┌────────

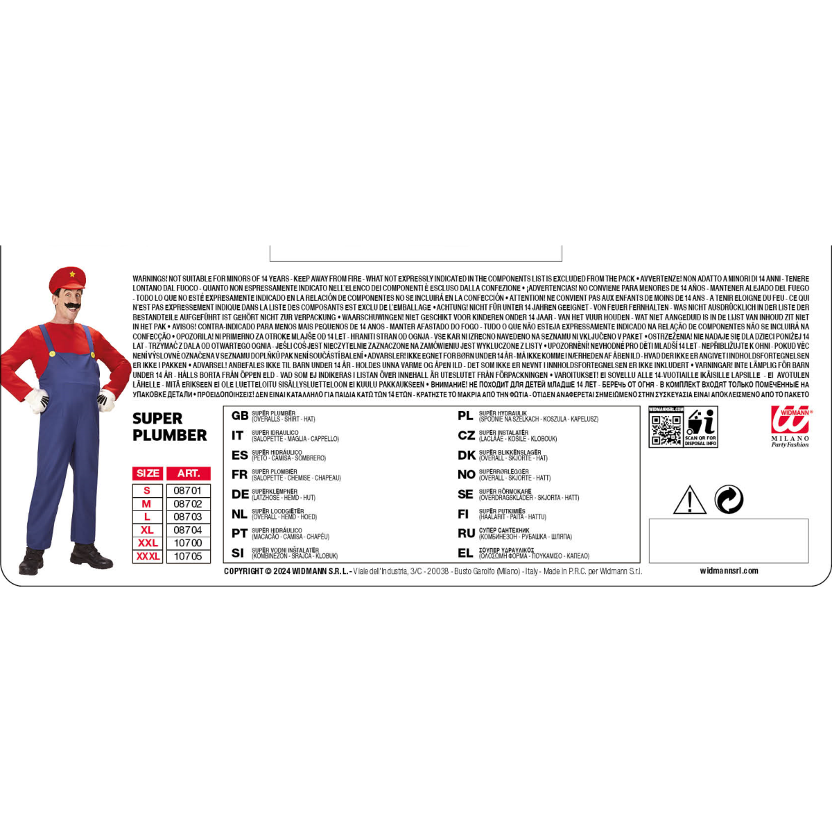 Pánský karnevalový kostým super instalatéra. Tento převlek je letošním prodejním hitem a skvěle se hodí na masopust, karnevaly i tematické večírky. Je vyroben z kvalitního materiálu.
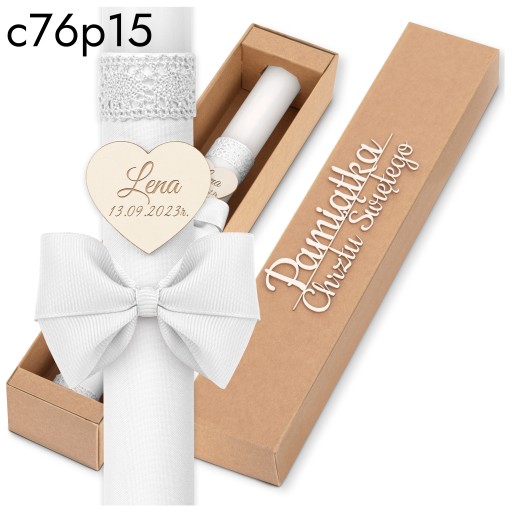 Najbardziej osobisty element to centralnie umocowane serce na świecy, które zostało wygrawerowane z imieniem oraz datą chrztu. To unikalne, ręcznie wykonane wykończenie nadaje świecy niepowtarzalny charakter i sprawia, że staje się ona nie tylko przedmiotem praktycznym, ale także pamiątką na lata.
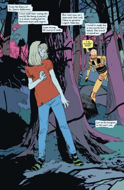 MR: In 2020 Stefano and I were supposed to do a series at Marvel, but the pandemic hit and everyone was told pencils down and the book was paused. When things were unpaused we were no longer on the book that we had been so excited about. So Stefano actually approached me about us doing a creator-owned book together and I was really into the idea. He sent me some drawings of this robot character that he’d been playing around with and I just fell in love with the design. From there I built a whole world for the robot to live in. Some of it was born at that moment, some of it is stuff that’s been in my head for years. I tend to really focus on a few themes and dig deep into them, and sometimes that spills over into the next book. So in some ways this book is in conversation with my other titles We Can Never Go Home, 4 Kids Walk Into A Bank, and What’s The Furthest Place From Here?. They aren’t literally connected but I think there is a thematic throughline as I reassess things I’ve said, if that makes sense.
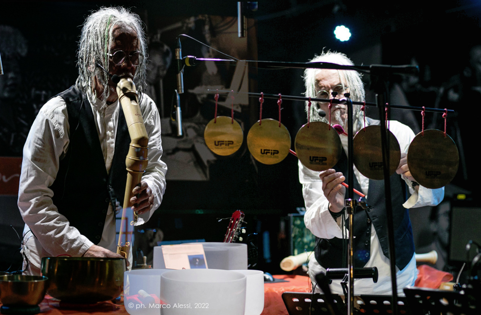 Lo spettacolo di Favria porterà sul palco un dialogo armonico di linguaggi artistici: Angelo Greco, al flauto basso, campane di cristallo e voce narrante; Stelvio Selva, pianoforte; Carmine Bandroco, chitarra; Francesca Selva e Noemi Chiarella, voci; il gruppo di danza Frangiflutti, diretto da Giuliana Peretti; Armando Barberio, ballerino e poledancer; Rita Rashid, poetessa.
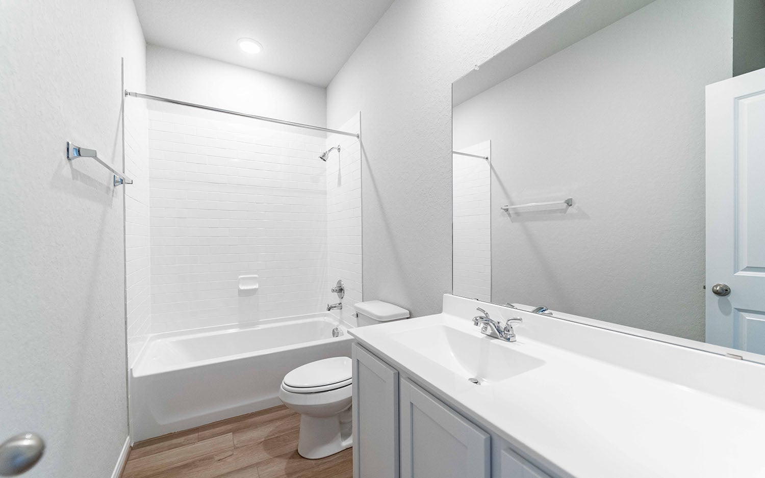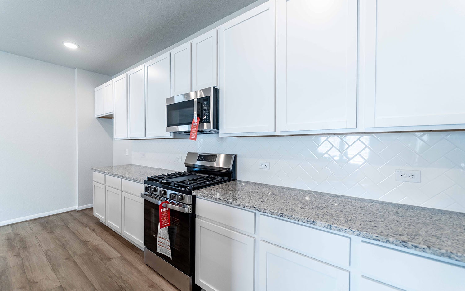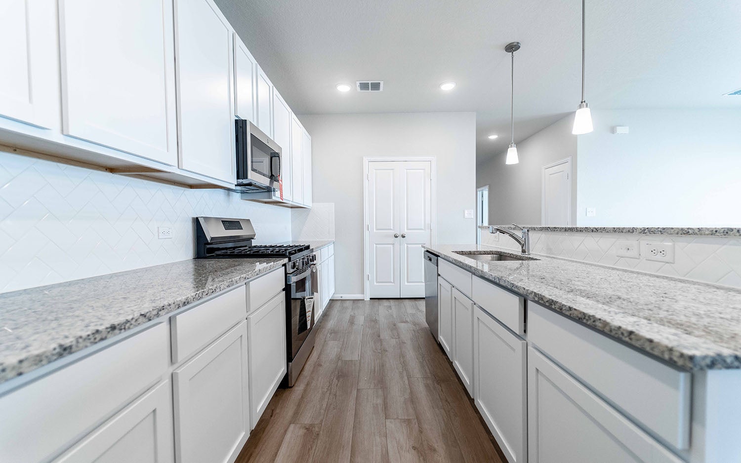 The exciting Pedernales floor plan boasts a four bedroom, two bathroom single-story home. Upon entering this outstanding home, you are met with a foyer area with access to your fourth bedroom at the front of the home. In need of a secluded work from home space or an area for the kids to do their homework? Transform the fourth bedroom in to a study room for your convenience. A little further down the hall and you will discover your third bedroom with the full secondary bathroom residing between the two bedrooms. You will also find access to your garage. If you are needing ample storage space, you are in luck! A two-and-a-half-car garage comes standard in this floor plan. Around the corner from the garage is your sizable walk-in utility room, as well as your second bedroom. At the heart of your home is the uniquely-designed combined family room and dining area that your friends and family are sure to enjoy. Never miss out on any conversations with guests, since the open-concept kitchen area opens up to the combined family room and dining area, making hosting guests for the holiday a breeze. Your kitchen comes fully equipped with ample counterspace featuring granite countertops with a ceramic tile backsplash, a kitchen island with the option to raise the bar for additional seating underneath, industry-leading appliances, and an oversized, walk-in pantry. You will love entertaining guests in this home! The door from your family room leads to your optional covered patio - perfect for relaxing outdoors or grilling out for your friends and family. Retreat to your master suite where you can relax in your master bathroom. The master bathroom is complete with a shower/tub enclosure, the option for dual vanities, as well as the option for two closets - one of them being a walk-in closet! If you want to enhance your master bathroom, opt to include a master luxury bath or a super shower featuring standard dual vanities instead. The opportunities in the Pedernales are limitless!
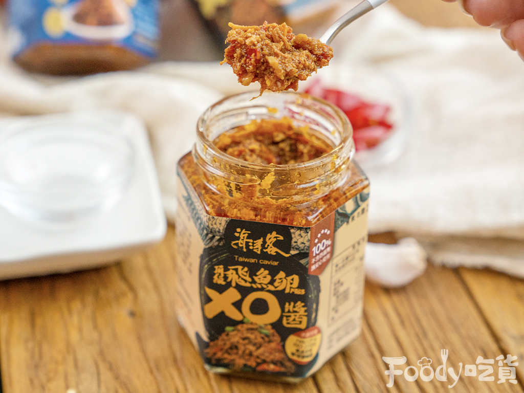 ▼海濤客另一款「頂級飛魚卵XO醬」,也是一吃就忍不住狂挖了半罐;飛魚卵產量稀少,每年只有5-7月才能捕到,這款XO醬卻奢侈地加入大量被譽為「海上黃金」的飛魚卵,再加入手工挑選的、新鮮干貝小火慢炒而成、食材新鮮不腥,不含防腐劑的手炒美味,真材實料吃起來大滿足。
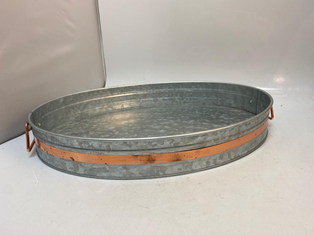 Galvanized Steel Oval Serving Tray Rose Gold Accent & Handles
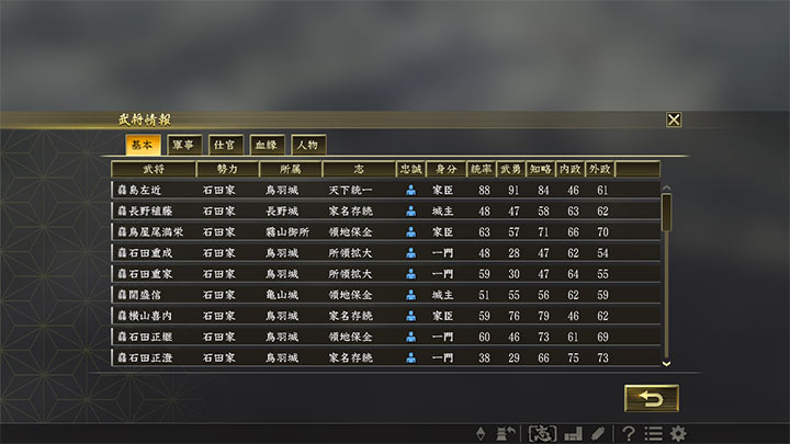 島左近を召し抱えた際のエピソードが思い起こされる「過ぎたる主」の効果は、家臣の忠誠が上がるというもの。これにより家臣団を掌握しやすい。また、近江が地盤の三成は、「国友衆保護」の効果で鉄砲の調達がしやすく、鉄砲部隊の攻撃力も高い。

└────────

Without including any pictures, reproduce the listing exactly.

Your response
 Pánský karnevalový kostým super instalatéra. Tento převlek je letošním prodejním hitem a skvěle se hodí na masopust, karnevaly i tematické večírky. Je vyroben z kvalitního materiálu.
 Najbardziej osobisty element to centralnie umocowane serce na świecy, które zostało wygrawerowane z imieniem oraz datą chrztu. To unikalne, ręcznie wykonane wykończenie nadaje świecy niepowtarzalny charakter i sprawia, że staje się ona nie tylko przedmiotem praktycznym, ale także pamiątką na lata.
 MR: In 2020 Stefano and I were supposed to do a series at Marvel, but the pandemic hit and everyone was told pencils down and the book was paused. When things were unpaused we were no longer on the book that we had been so excited about. So Stefano actually approached me about us doing a creator-owned book together and I was really into the idea. He sent me some drawings of this robot character that he’d been playing around with and I just fell in love with the design. From there I built a whole world for the robot to live in. Some of it was born at that moment, some of it is stuff that’s been in my head for years. I tend to really focus on a few themes and dig deep into them, and sometimes that spills over into the next book. So in some ways this book is in conversation with my other titles We Can Never Go Home, 4 Kids Walk Into A Bank, and What’s The Furthest Place From Here?. They aren’t literally connected but I think there is a thematic throughline as I reassess things I’ve said, if that makes sense.
 Lo spettacolo di Favria porterà sul palco un dialogo armonico di linguaggi artistici: Angelo Greco, al flauto basso, campane di cristallo e voce narrante; Stelvio Selva, pianoforte; Carmine Bandroco, chitarra; Francesca Selva e Noemi Chiarella, voci; il gruppo di danza Frangiflutti, diretto da Giuliana Peretti; Armando Barberio, ballerino e poledancer; Rita Rashid, poetessa.
 The exciting Pedernales floor plan boasts a four bedroom, two bathroom single-story home. Upon entering this outstanding home, you are met with a foyer area with access to your fourth bedroom at the front of the home. In need of a secluded work from home space or an area for the kids to do their homework? Transform the fourth bedroom in to a study room for your convenience. A little further down the hall and you will discover your third bedroom with the full secondary bathroom residing between the two bedrooms. You will also find access to your garage. If you are needing ample storage space, you are in luck! A two-and-a-half-car garage comes standard in this floor plan. Around the corner from the garage is your sizable walk-in utility room, as well as your second bedroom. At the heart of your home is the uniquely-designed combined family room and dining area that your friends and family are sure to enjoy. Never miss out on any conversations with guests, since the open-concept kitchen area opens up to the combined family room and dining area, making hosting guests for the holiday a breeze. Your kitchen comes fully equipped with ample counterspace featuring granite countertops with a ceramic tile backsplash, a kitchen island with the option to raise the bar for additional seating underneath, industry-leading appliances, and an oversized, walk-in pantry. You will love entertaining guests in this home! The door from your family room leads to your optional covered patio - perfect for relaxing outdoors or grilling out for your friends and family. Retreat to your master suite where you can relax in your master bathroom. The master bathroom is complete with a shower/tub enclosure, the option for dual vanities, as well as the option for two closets - one of them being a walk-in closet! If you want to enhance your master bathroom, opt to include a master luxury bath or a super shower featuring standard dual vanities instead. The opportunities in the Pedernales are limitless!
 ▼海濤客另一款「頂級飛魚卵XO醬」,也是一吃就忍不住狂挖了半罐;飛魚卵產量稀少,每年只有5-7月才能捕到,這款XO醬卻奢侈地加入大量被譽為「海上黃金」的飛魚卵,再加入手工挑選的、新鮮干貝小火慢炒而成、食材新鮮不腥,不含防腐劑的手炒美味,真材實料吃起來大滿足。
 Galvanized Steel Oval Serving Tray Rose Gold Accent & Handles
 島左近を召し抱えた際のエピソードが思い起こされる「過ぎたる主」の効果は、家臣の忠誠が上がるというもの。これにより家臣団を掌握しやすい。また、近江が地盤の三成は、「国友衆保護」の効果で鉄砲の調達がしやすく、鉄砲部隊の攻撃力も高い。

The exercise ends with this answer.